The Many Faces of Family and Love: There Is No "Best" One
A commonsense manifesto for valuing all families, relationships, and life paths.
Posted Apr 23, 2019
Never before have people in the U.S. and other nations around the world organized their personal lives and their family lives in so many different ways. In the U.S., for example, nearly as many adults are not married as married. The most sentimentalized family type—mom and dad, married with children—now accounts for fewer than 20 percent of all households. There are more households comprised of one person living alone.
Children are living in many different kinds of families and households. A full 40 percent of them are not being raised by two married parents. Many are living with one parent, or with cohabiting parents, or with stepparents or grandparents, to name just a few of the most popular permutations.
Stop saying "start a family" when you mean "have kids". A couple is still a family. A single person and her cat is a family. A couple and their plants are still a family. Three weirdly close roommates could be a family. You don't need kids to be a family.
Within a week, the tweet had been liked more than 185,000 times and shared more than 47,000 times.
Scholars have been writing about diversity in relationships and families and some of the most unlikely terms have been catching on. Take amatonormativity, for example. That one was coined by Elizabeth Brake. It refers to:
“the assumption that a central, exclusive, amorous relationship is normal for humans, in that it is a universally shared goal, and that such a relationship is normative, in the sense that it should be aimed at in preference to other relationship types.”
Professor Brake argues against that assumption. She thinks that other kinds of relationships and social circles, such as friendships and care networks, should not be valued less than romantic relationships.

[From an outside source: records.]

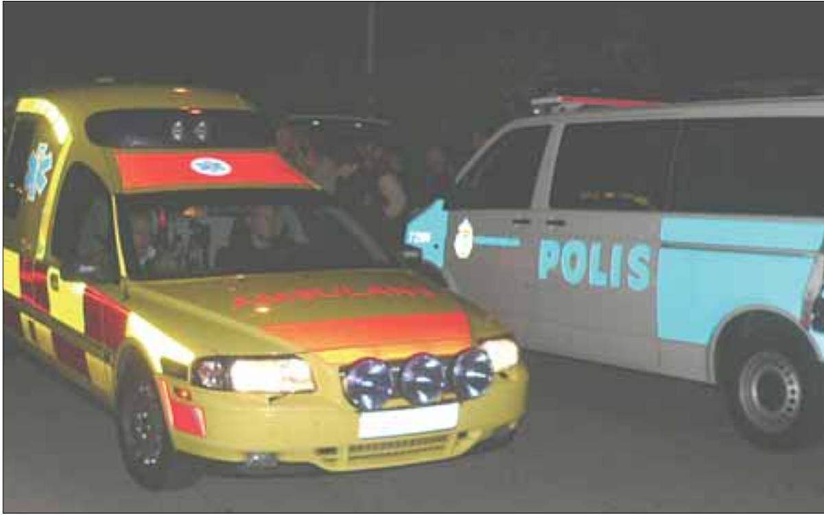
Natten mellan 5 och 6 juni attackerades en sverigedemokratisk tillställning i utlanterna av Växjö. Fönster krossades, tårgas kastades in i lokalen och flera bilar som stod parkerade utanför totalförstördes. Totalt skadades 18 sverigedemokrater, varav en fick föras till sjukhus i ambulans.

Sverigedemokraterna attackerades återigen av militanta vänsterextremister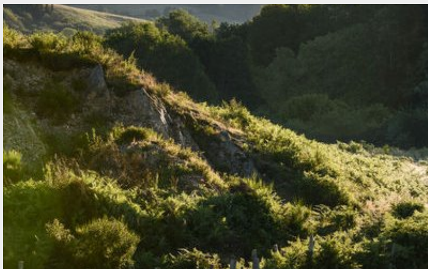
Du Sancy aux Combrailles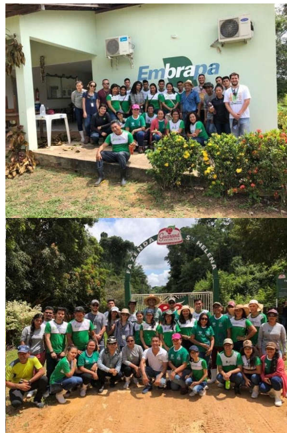
Figura 2. Visitas da equipe EMBRAPA Maués e Fazenda Santa Helena AMBEV

Conforme planejado realizamos as visitas na EMBRAPA e Fazenda Santa Helena, vivenciamos realidades inimagináveis e pudemos entender a importância da produção do guaraná e todas as fases de produção e processamento desta cultura (FIGURA 2).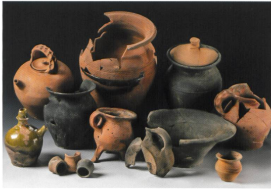
Abb. 3 Keramikinventar aus dem Keller des Siechenhauses (siehe dazu den Beitrag von P. Frey in diesem Heft).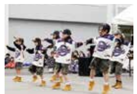
キッズダンサーのダンス公演 (右)

Though growing in popularity, the valuing of many different kinds of relationships and families and life paths is still an idea that meets with considerable resistance. A new and important report recently released by the think tank, Family Story, documents the ways in which marriage has come to be privileged and promoted as the ideal family form, even as fewer and fewer people get married or have children.
Elsewhere, I described some of the key take-aways from the report, “The Case Against Marriage Fundamentalism: Embracing Family Justice for All.” Here, I want to describe the values espoused in the Family Story report, and the principles of family justice that follow from those values.
Values at the Core of Justice for All
“The Case Against Marriage Fundamentalism” argues that respect for all of our relationships, families, and life paths is built on four core values.
1. Equality “requires the reduction of social and economic inequality within relationships and between family types, as well as legal equality among different types of families and relationships.”
2. Autonomy “requires making it possible for people to freely choose their relationships and family types—including, but not limited to, marriage—by reducing structural and other barriers that stand in the way.”
3. Interdependence “means acknowledging we are all interconnected and dependent on countless other people (not just ones to whom we are biologically related or with whom we have a legally recognized relationship).”
4. Care “requires acknowledging all the ways that these different forms of relationships are supportive and meaningful, and the positive impact they can have on our lives and well-being.”
Principles of Family, Relationship, and Lifestyle Justice
The conclusion of the report spells out the principles of family justice. They include:
There is no hierarchy; stop saying that certain people, relationships, or families are better than others
- “A person’s marital status, relationship status, and living arrangements say nothing about their character or value.”
- “Unmarried people should not be treated as less mature, less valuable, or less accomplished than married people.”
- “Families and relationships should not be ranked from best to worst based on their structure.”
- “Marriage is neither more nor less important than other close adult relationships involving care and commitment.”
There are lots of ways to create a family
- “Neither children nor marriage are necessary to create family.”
- “Co-residence is not necessary to create relationships of commitment and care.”
People who live in ways that are not normative (or not perceived as normative) deserve respect
- “There will always be people who prefer to live alone, to not have children, or otherwise opt to live their lives in ways that are not consistent with whatever the norm is at the time.”
- “None of this is a reflection of their self-worth, and they all have a right to equal respect and concern.”
- “An adult’s ability to freely choose a particular relationship status or living arrangement should not be restricted or blocked.”
For children, relationship quality matters more than the other factors that get so much attention
- “Children do not need to live under the same roof as a same-gender parent (or same-gender role model) for proper development.”
- “Children flourish in a variety of family types and living arrangements.”
- “Relationship quality is more important than household structure.” (Examples of different household structures include single-parent families and nuclear families. This principle means that having a loving and secure relationship with a parent is more important to children’s well-being than whether they have one parent or two, whether their parents are married, or whether their parents live under the same roof.)
Family Story maintains that the marriage fundamentalists, who believe that “a family composed of a man and a woman in their first marriage is 'the best’ or ‘ideal’ type of family, especially for children,” have promoted their ideas by distorting and weaponizing social science research. I have spent much of the past two decades critiquing that research and explaining what it really does show. It is good to have other prominent voices joining in.